Internet DRAFT - draft-peon-pinner-quic-abstractions
draft-peon-pinner-quic-abstractions
Network Working Group R. Peon
Internet-Draft Facebook, Inc.
Intended status: Informational J. Pinner
Expires: July 21, 2018 Lyft, Inc.
January 17, 2018
Proposal for QUIC Abstractions
draft-peon-pinner-quic-abstractions-03
Abstract
Proposes abstraction layers for QUIC and proposes recommendations for
draft v1.
Note to Readers
Discussion of this draft takes place on the QUIC working group
mailing list (quic@ietf.org), which is archived at
https://mailarchive.ietf.org/arch/search/?email_list=quic [1].
Working Group information can be found at https://github.com/quicwg
[2]; source code and issues list for this draft can be found at
https://github.com/quicwg/base-drafts/labels/-http [3].
Status of This Memo
This Internet-Draft is submitted in full conformance with the
provisions of BCP 78 and BCP 79.
Internet-Drafts are working documents of the Internet Engineering
Task Force (IETF).
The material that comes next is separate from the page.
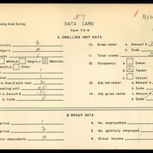 Text / WPA Low income housing area survey data card 57, serial 10044

Note that other groups may also distribute
working documents as Internet-Drafts. The list of current Internet-
Drafts is at https://datatracker.ietf.org/drafts/current/.
Internet-Drafts are draft documents valid for a maximum of six months
and may be updated, replaced, or obsoleted by other documents at any
time. It is inappropriate to use Internet-Drafts as reference
material or to cite them other than as "work in progress."
This Internet-Draft will expire on July 21, 2018.
Copyright Notice
Copyright (c) 2018 IETF Trust and the persons identified as the
document authors. All rights reserved.
Peon & Pinner Expires July 21, 2018 [Page 1]
Internet-Draft I-D January 2018
This document is subject to BCP 78 and the IETF Trust's Legal
Provisions Relating to IETF Documents
(https://trustee.ietf.org/license-info) in effect on the date of
publication of this document. Please review these documents
carefully, as they describe your rights and restrictions with respect
to this document. Code Components extracted from this document must
include Simplified BSD License text as described in Section 4.e of
the Trust Legal Provisions and are provided without warranty as
described in the Simplified BSD License.
1. Introduction
This document proposes 5 layers of abstraction for QUIC: QUIC,
Connections, Streams, H3, and HTTP.
2. Abstractions
2.1. QUIC provides:
o Packets
o MTU discovery (packet sizing)
o Version negotiation
o Packet loss detection
o A cryptographic context enabling data encryption within a packet
o Zero-RTT connection establishment with limited data payload
o One-RTT connection establishment
2.2. QUIC Connections provide:
o Identification of the connection including a Connection ID in
addition to the 5-tuple
o Alternate connection IDs/connID 'renaming' without requiring
connection re-establishment
o Multiplexed, non HoL blocking, streams
o Congestion control on a per-path basis
o Data (not packet) retransmission
o Flow control on a per-connection basis
Peon & Pinner Expires July 21, 2018 [Page 2]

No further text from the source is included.